The prevalence of LSTV is higher in men compared to women (28.1% vs. 11.1%).9 Sacralization is more common in males, meanwhile accessory L5-S1 articulations and lumbarization of S1 are more common in women.11 Cases of families with increased incidence of LSTV suggest a genetic component.12 HOX10/HOX11 genes influence axial pattern of lumbar and sacral vertebrae. Mutations in these genes may play a role in the formation of LSTV.5
Anatomical Variations
The presence of an LSTV disrupts normal spine biomechanics and anatomy. The sacrum, lying at the base of the vertebral column, optimizes the dissipation of the weight of the upper body toward the sacroiliac (SI) joint by working as a fused mass of boney elements.11 The sacrum's ability to dissipate load depends on its size and its surface area with the SI joint. Although HOX genes regulate segmentation of the vertebral column into individual vertebral segments, formation of transitional states at the lumbosacral junction may be greatly influenced by the functional requirements of load transmission at the SI junction. According to cadaver studies, sacra incorporating L5 possess significantly smaller heights than the normal sacra if the fused L5 vertebra is excluded from the measurement. This process of “addition” or “diminution” of segments to or from the sacrum depends on the load-bearing capacity of the normal (S1-S5) sacrum at a very rudimentary stage of its formation. Therefore, a small sacrum with inadequate SI joint surface area may incorporate L5 to enhance load-bearing capacity, while a sacrum with over competent load bearing capacity may release S1.13
Boney abnormalities associated with LSTV impact surgery in the lumbosacral region. In the case of sacralization, all dimensions, including pedicle height, sagittal and transverse dimensions, and sagittal angulation are reduced, and downward slope is increased. 14 The height of the pars interarticularis (PI) and the widths of laminae are significantly smaller in the terminal lumbar segment of sacralized specimens. Small PI may predispose spondylolysis and spondylolisthesis at lumbo-sacral junctions associated with transitional variations, and warrant special attention to avoid iatrogenic injuries.15 Lumbarization of S1 results in a shorter distance between facet and sacral promontory, more obtuse pedicles in the sagittal plane and less steep in front. Therefore, pedicle screws should be directed more obtusely in the sagittal plane and at a reduced downward inclination.14 LSTV possess a reduced number of trabeculae of cancellous bone. Consequently, screw placements and subsequent pullouts should be reviewed.16
LSTV exhibit altered articular facets at the L5-S1 junction such that the facets are smaller and more coronally oriented.

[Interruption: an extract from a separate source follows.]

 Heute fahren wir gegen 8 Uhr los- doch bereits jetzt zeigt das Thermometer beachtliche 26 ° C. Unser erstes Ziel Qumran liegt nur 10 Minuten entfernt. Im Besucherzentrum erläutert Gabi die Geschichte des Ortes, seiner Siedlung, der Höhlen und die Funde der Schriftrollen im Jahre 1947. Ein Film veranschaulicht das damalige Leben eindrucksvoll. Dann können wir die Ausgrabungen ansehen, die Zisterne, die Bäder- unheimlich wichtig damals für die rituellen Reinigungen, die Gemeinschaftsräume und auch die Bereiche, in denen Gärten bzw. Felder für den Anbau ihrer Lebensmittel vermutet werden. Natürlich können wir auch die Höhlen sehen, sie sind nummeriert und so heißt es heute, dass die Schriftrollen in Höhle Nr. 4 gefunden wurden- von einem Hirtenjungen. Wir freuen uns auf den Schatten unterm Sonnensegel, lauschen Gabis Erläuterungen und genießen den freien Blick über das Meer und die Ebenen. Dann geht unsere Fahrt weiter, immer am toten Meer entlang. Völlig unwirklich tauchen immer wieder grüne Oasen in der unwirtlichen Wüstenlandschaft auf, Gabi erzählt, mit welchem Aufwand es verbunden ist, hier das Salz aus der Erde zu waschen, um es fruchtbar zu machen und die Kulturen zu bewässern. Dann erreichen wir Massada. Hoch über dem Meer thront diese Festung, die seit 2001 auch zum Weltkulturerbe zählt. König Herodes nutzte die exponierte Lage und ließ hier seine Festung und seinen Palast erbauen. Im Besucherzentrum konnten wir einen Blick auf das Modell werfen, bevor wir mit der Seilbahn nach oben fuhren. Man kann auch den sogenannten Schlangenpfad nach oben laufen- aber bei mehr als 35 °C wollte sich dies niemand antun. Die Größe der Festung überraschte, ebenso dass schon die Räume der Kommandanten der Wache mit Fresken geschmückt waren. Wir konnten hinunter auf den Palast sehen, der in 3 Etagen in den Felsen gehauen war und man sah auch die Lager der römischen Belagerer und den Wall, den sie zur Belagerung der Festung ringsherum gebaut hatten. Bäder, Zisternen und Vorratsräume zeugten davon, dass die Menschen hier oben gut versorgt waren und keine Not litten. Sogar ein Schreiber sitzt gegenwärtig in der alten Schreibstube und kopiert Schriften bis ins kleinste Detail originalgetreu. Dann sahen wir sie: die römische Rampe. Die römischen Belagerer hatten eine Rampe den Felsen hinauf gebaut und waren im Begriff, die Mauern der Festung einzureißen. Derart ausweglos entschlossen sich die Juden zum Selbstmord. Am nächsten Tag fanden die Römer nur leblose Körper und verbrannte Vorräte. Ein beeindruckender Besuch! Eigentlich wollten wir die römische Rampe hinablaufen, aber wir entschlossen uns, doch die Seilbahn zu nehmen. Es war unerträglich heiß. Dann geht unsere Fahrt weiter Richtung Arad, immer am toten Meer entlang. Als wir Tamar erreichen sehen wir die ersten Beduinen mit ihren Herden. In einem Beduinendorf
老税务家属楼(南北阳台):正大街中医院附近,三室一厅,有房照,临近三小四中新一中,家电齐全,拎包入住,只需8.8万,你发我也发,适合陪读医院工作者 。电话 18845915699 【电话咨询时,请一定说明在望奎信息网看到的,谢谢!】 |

Lumbarization results in the smallest facet linear dimension, smallest surface area, and maximal coronal orientation. Sacralization demonstrates insignificant alteration in facet morphology. Facet asymmetry is predominantly associated with accessory L5-S1 articulations, but is seen in all LSTV subtypes. These alterations are possibly related to low back pain situations.17
The association between LSTV with morphological alterations of neural arch elements and auricular surfaces is well established. Considering the biomechanical importance of these morphological alterations in maintaining stability of the lumbar spine, Mahato suggests re-defining and modifying the current classification of LSTV. Including facet and auricular surface status would allow clinicians to clearly delineate the entire range of information required to visualize and clinically interpret any subtype of LSTV affliction (Table 1).2
The disc height below a lumbosacral segment is significantly decreased in LSTV types II, III, and IV.18, 19 The presence of a bilateral boney fusion decreases disc height more severely compared to segments with potential for motion (unilateral fusion). The common finding of a narrowed L5-S1 intervertebral disc associated with an LSTV should not be considered disk degeneration or displacement.19 In addition, the sagittal alignment is most commonly neutral, unlike the typical lordotic L5-S1 disc.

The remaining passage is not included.